- What this task involves:
Return all the lines below exactly as written. Drop every picture.

- Data provided:

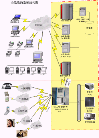 全能通顧名思義:各種網絡都能通(固定網、移動網、互聯(lián)網三網合一)。全能通核心目的是實現(xiàn)互聯(lián)網(Internet)用戶與固定網(PSTN)電話/小靈通用戶、移動網(PLMN)手機用戶之間無障礙通信,它不僅可以提供語音、數(shù)據(jù)、文本、視頻等多種媒體的信息服務,還提供了各種增值業(yè)務和網絡辦公等功能。
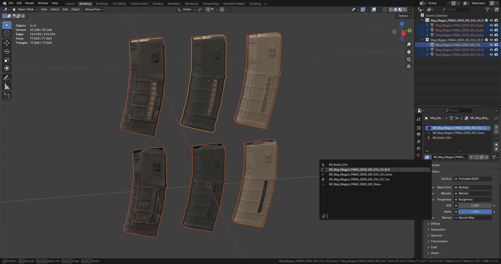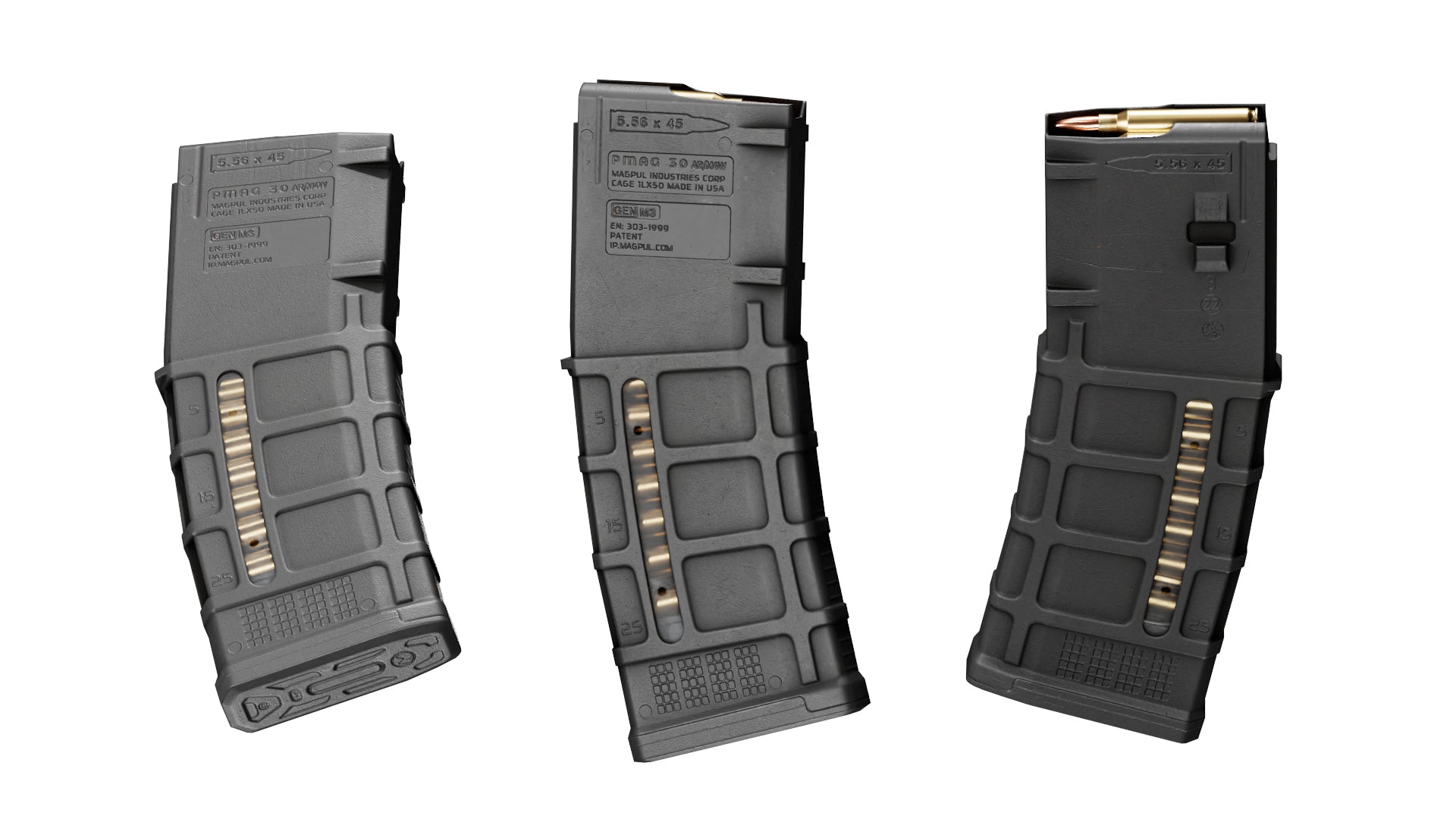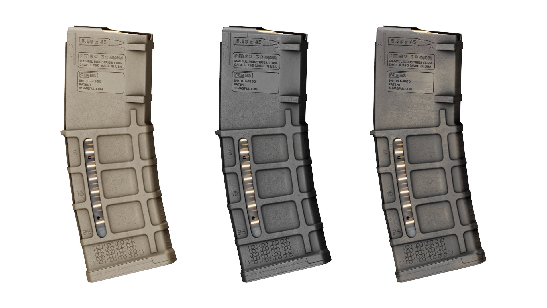 Game-Ready 3D Model inspired by Magpul's 30 Round 5.56x45 PMAG GEN M3 magazine for AR/M5 Rifles. Balck, Tan and Rattle Can camo paint colors are also included, as well as an empty and full variant.
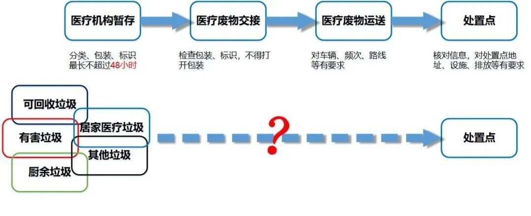 有没有觉得分类中的某些例子有点眼熟?其实严格来说,医疗垃圾并不仅仅产生在医疗卫生机构,日常生活中也会产生医疗垃圾:过期的药物,废弃的体温计,糖尿病患者注射胰岛素的废弃注射器,用碘伏或酒精涂抹过伤口的棉签,从伤口上抠下来的创可贴,疫情期间出门必备的口罩……仔细琢磨一下,医疗垃圾与我们关系密切。大家是怎样处理这些医疗废物的呢?这些垃圾最终会去往哪里?
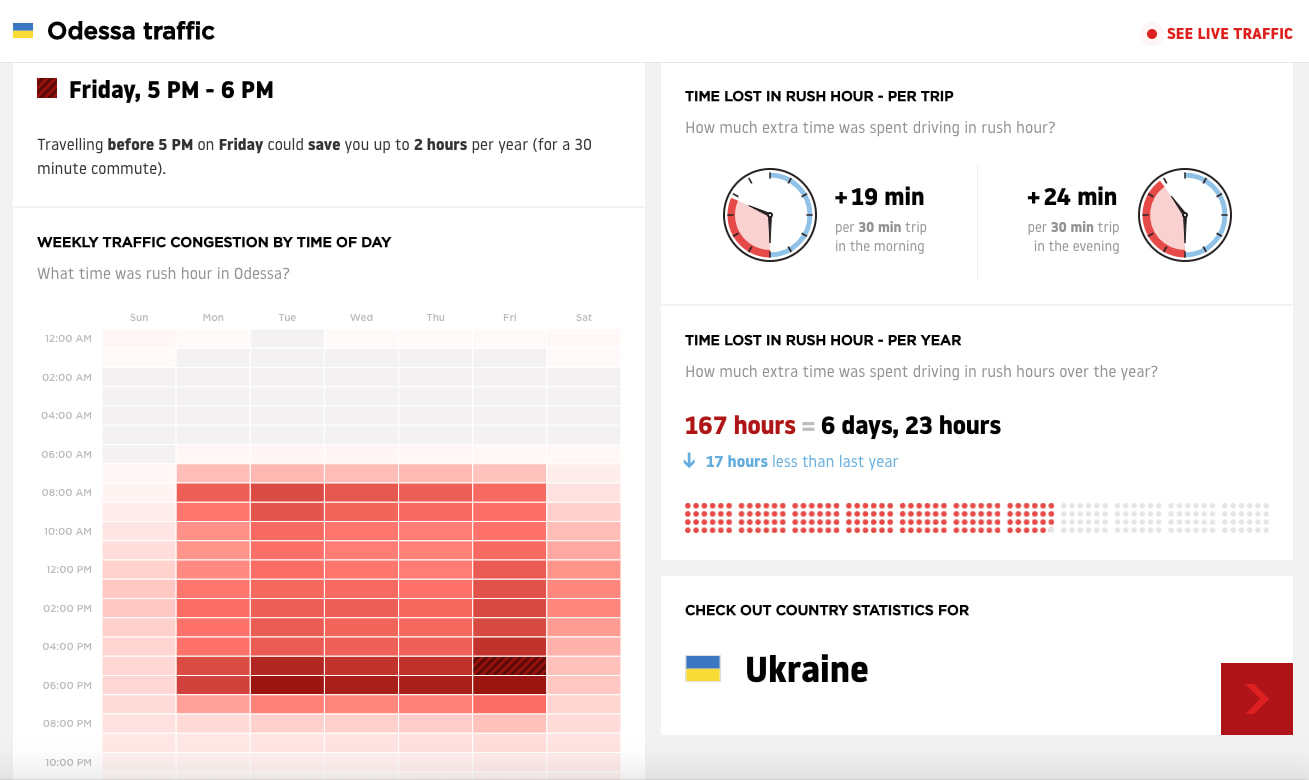 Індекс Одеси 44% означає, що через пробки поїздка займає на 44% більше часу, ніж могла б. Тобто у годину-пік одесити витрачають на дорогу на 19 хвилин більше, ніж могли б, а в вечері на 24 хвилини. Найбільші затори в п'ятницю ввечері.

- Completed exercise:
 全能通顧名思義:各種網絡都能通(固定網、移動網、互聯(lián)網三網合一)。全能通核心目的是實現(xiàn)互聯(lián)網(Internet)用戶與固定網(PSTN)電話/小靈通用戶、移動網(PLMN)手機用戶之間無障礙通信,它不僅可以提供語音、數(shù)據(jù)、文本、視頻等多種媒體的信息服務,還提供了各種增值業(yè)務和網絡辦公等功能。
 Game-Ready 3D Model inspired by Magpul's 30 Round 5.56x45 PMAG GEN M3 magazine for AR/M5 Rifles. Balck, Tan and Rattle Can camo paint colors are also included, as well as an empty and full variant.
 有没有觉得分类中的某些例子有点眼熟?其实严格来说,医疗垃圾并不仅仅产生在医疗卫生机构,日常生活中也会产生医疗垃圾:过期的药物,废弃的体温计,糖尿病患者注射胰岛素的废弃注射器,用碘伏或酒精涂抹过伤口的棉签,从伤口上抠下来的创可贴,疫情期间出门必备的口罩……仔细琢磨一下,医疗垃圾与我们关系密切。大家是怎样处理这些医疗废物的呢?这些垃圾最终会去往哪里?
 Індекс Одеси 44% означає, що через пробки поїздка займає на 44% більше часу, ніж могла б. Тобто у годину-пік одесити витрачають на дорогу на 19 хвилин більше, ніж могли б, а в вечері на 24 хвилини. Найбільші затори в п'ятницю ввечері.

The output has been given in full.